● Raw data

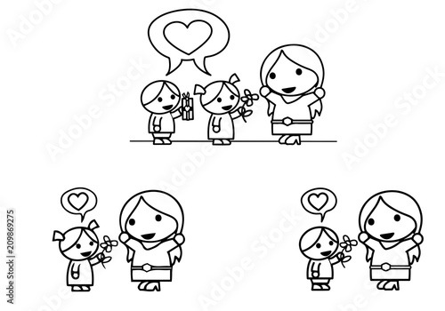 cartoon, mother, son, daughter, happy, day, love, loving, celebrate, simple, minimal, family, children, children, draw, happiness, life, doodle
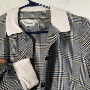 • Plaid Drop Waist Pleat Front 1/2 Button Collar 3/4 Sleeve Faux Pocket Detail School Girl Dress
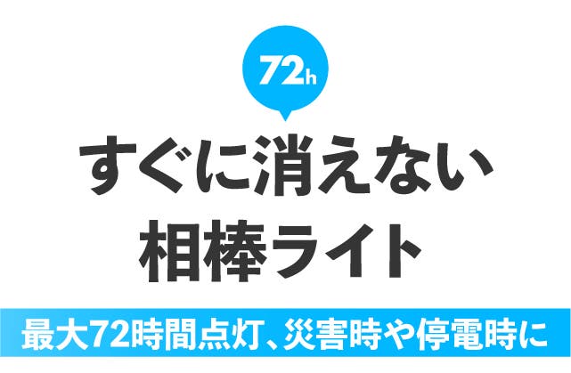 最大72時間途切れず光り続けるので、停電や災害時にも心配なし。登山や釣りなどのアウトドアでも長時間明かりを確保できます。

● Activity
Would you copy out the material above exactly, without the pictures in it?

● Result of the task
 cartoon, mother, son, daughter, happy, day, love, loving, celebrate, simple, minimal, family, children, children, draw, happiness, life, doodle
 • Plaid Drop Waist Pleat Front 1/2 Button Collar 3/4 Sleeve Faux Pocket Detail School Girl Dress
 最大72時間途切れず光り続けるので、停電や災害時にも心配なし。登山や釣りなどのアウトドアでも長時間明かりを確保できます。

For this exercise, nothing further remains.